• _REQUIREMENT_
Reproduce the following data exactly, minus any images.

• _SUPPLIED DATA_
····················

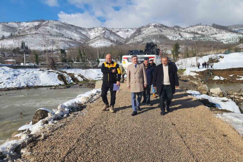 İl Özel İdaresi Genel Sekreteri Nuri Çelik ile Yol ve Ulaşım Hizmetleri Müdürü Savaş Tekin köprü yapım çalışmasını inceleyerek görev yapan ekiplerden çalışmaların son durumu hakkında bilgi aldı. Geçici geçişin güvenli ve kontrollü bir şekilde sağlanabilmesi amacıyla yürütülen çalışmalarda; 9 metre boyunda ve 3 metre çapında boru ile 2,4 metre çapında ve 5 metre boyunda 2 adet boru kullanılarak uygulama gerçekleştiriliyor. Yapılan çalışmalarla birlikte, ulaşımın kesintisiz devam etmesi ve vatandaşların günlük yaşamlarının olumsuz etkilenmemesi hedefleniyor.
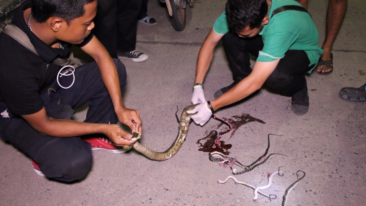 ทางกู้ภัยเห็นว่า ลูกงูบางตัวยังมีชีวิตจึงช่วยกันอยู่ประมาณ 10 นาที สามารถนำลูกงูเหลือมอ้ออีก 8 ตัวออกมาจากท้องได้ทั้งหมด รวมมีลูกงู 12 ตัว ตายเสีย 11 ตัว เหลือรอดชีวิตเพียงตัวเดียว รวมทั้งแม่งูเหลือมอ้อได้ตายในเวลาต่อมา เพราะถูกรถทับหลังหัก ซึ่งทางกู้ภัยได้นำซากลูกงูเหลือมอ้อแม่ลูกรวม 12 ตัวไปฝังไว้ที่เดียวกัน ส่วนลูกงูเหลือมอ้อที่รอดตาย ได้นำมาพักฟื้นไว้ เพื่อเตรียมปล่อยคืนสู่ธรรมชาติต่อไป
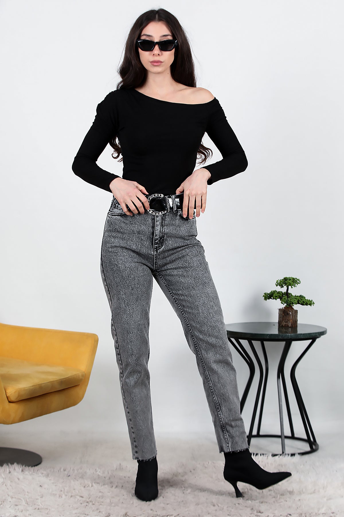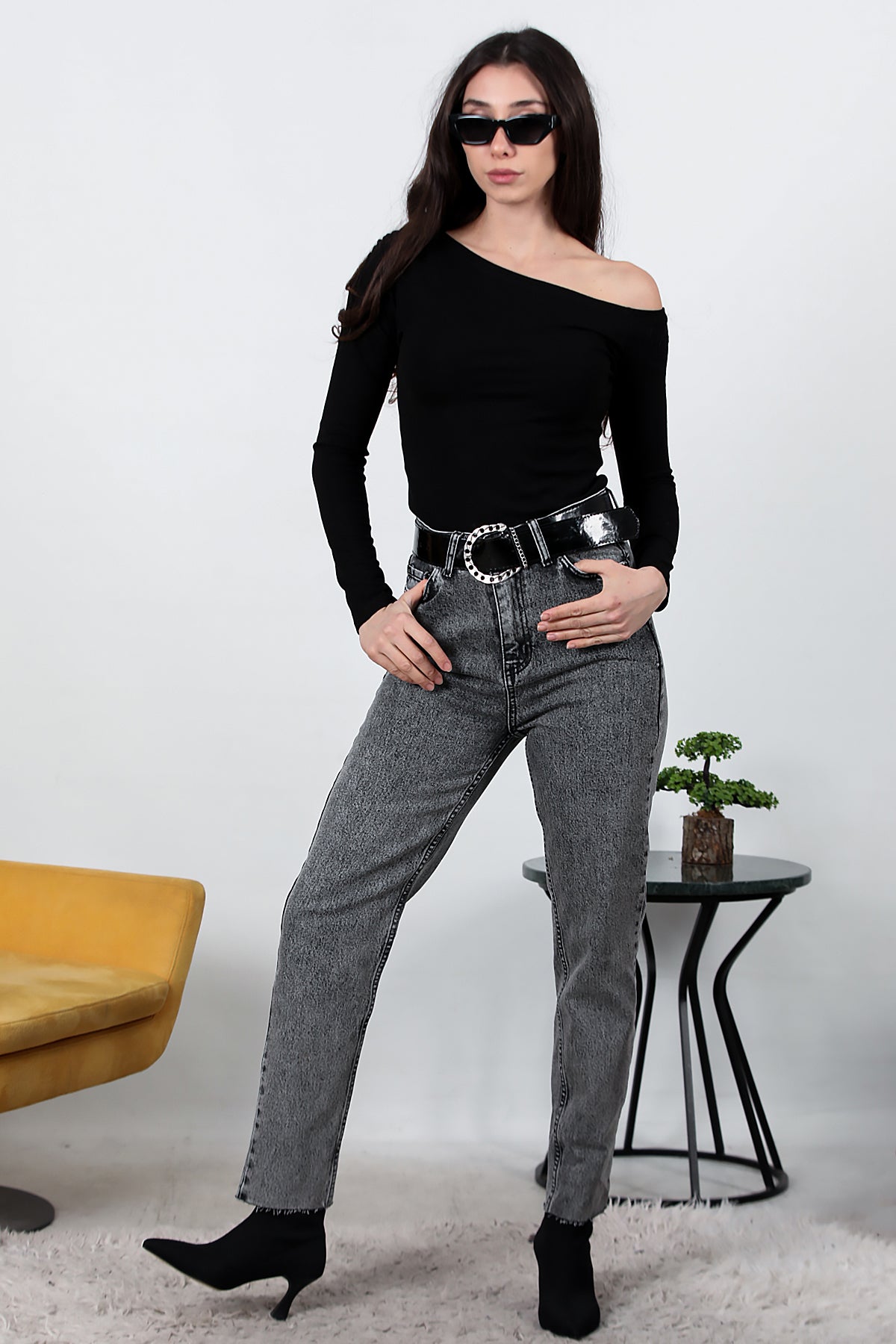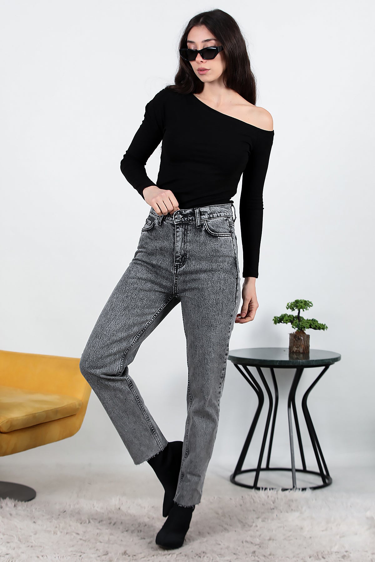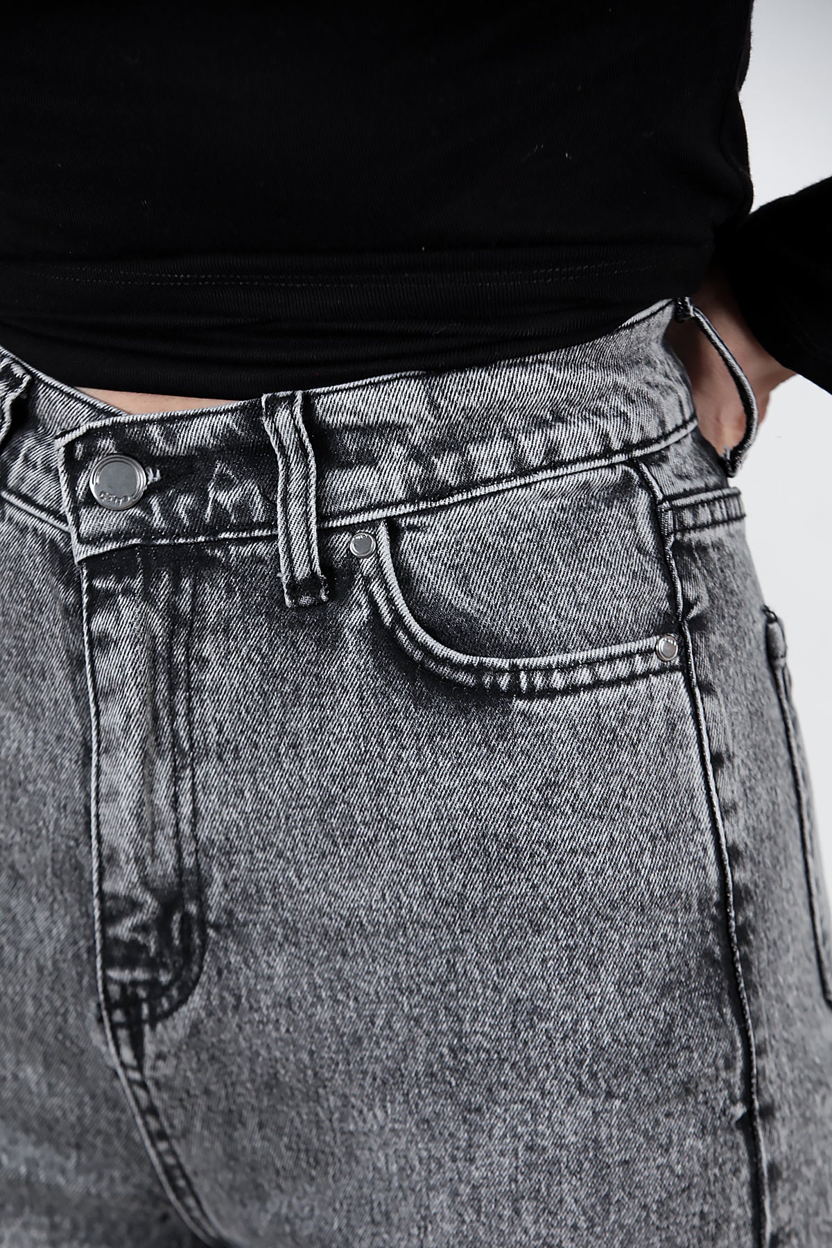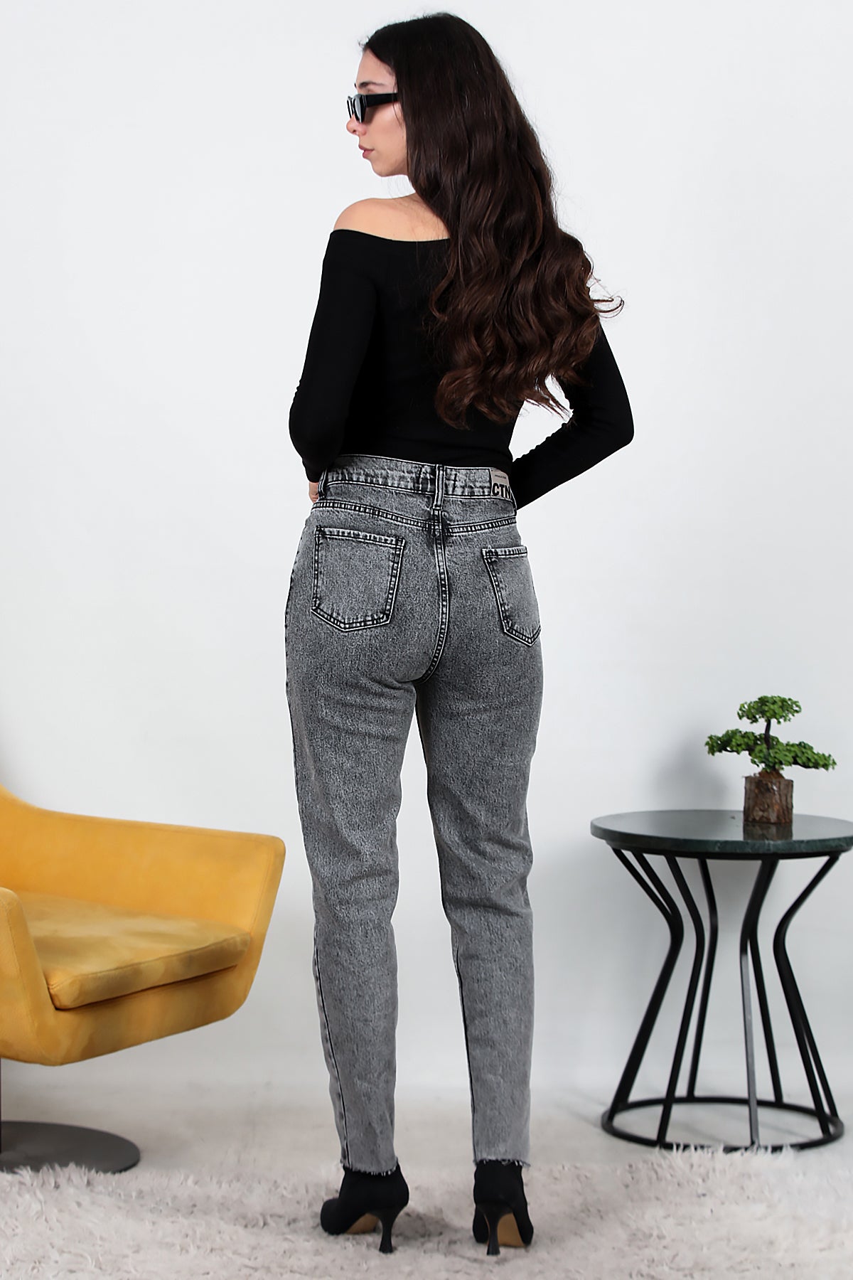 Kadın Yıpratmalı Paça Kesik Pantolon Antrasit
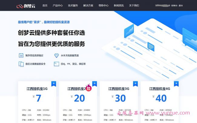 创梦云挂机宝怎么样?创梦云是来自国内的主机销售商,成立于2018年4月30日,创梦云前期主要从事免备案虚拟主机产品销售,现在将提供5元挂机宝、特惠挂机宝、香港云服务器、美国云服务器。

····················

• _RESPONSE BELOW_
 İl Özel İdaresi Genel Sekreteri Nuri Çelik ile Yol ve Ulaşım Hizmetleri Müdürü Savaş Tekin köprü yapım çalışmasını inceleyerek görev yapan ekiplerden çalışmaların son durumu hakkında bilgi aldı. Geçici geçişin güvenli ve kontrollü bir şekilde sağlanabilmesi amacıyla yürütülen çalışmalarda; 9 metre boyunda ve 3 metre çapında boru ile 2,4 metre çapında ve 5 metre boyunda 2 adet boru kullanılarak uygulama gerçekleştiriliyor. Yapılan çalışmalarla birlikte, ulaşımın kesintisiz devam etmesi ve vatandaşların günlük yaşamlarının olumsuz etkilenmemesi hedefleniyor.
 ทางกู้ภัยเห็นว่า ลูกงูบางตัวยังมีชีวิตจึงช่วยกันอยู่ประมาณ 10 นาที สามารถนำลูกงูเหลือมอ้ออีก 8 ตัวออกมาจากท้องได้ทั้งหมด รวมมีลูกงู 12 ตัว ตายเสีย 11 ตัว เหลือรอดชีวิตเพียงตัวเดียว รวมทั้งแม่งูเหลือมอ้อได้ตายในเวลาต่อมา เพราะถูกรถทับหลังหัก ซึ่งทางกู้ภัยได้นำซากลูกงูเหลือมอ้อแม่ลูกรวม 12 ตัวไปฝังไว้ที่เดียวกัน ส่วนลูกงูเหลือมอ้อที่รอดตาย ได้นำมาพักฟื้นไว้ เพื่อเตรียมปล่อยคืนสู่ธรรมชาติต่อไป
 Kadın Yıpratmalı Paça Kesik Pantolon Antrasit
 创梦云挂机宝怎么样?创梦云是来自国内的主机销售商,成立于2018年4月30日,创梦云前期主要从事免备案虚拟主机产品销售,现在将提供5元挂机宝、特惠挂机宝、香港云服务器、美国云服务器。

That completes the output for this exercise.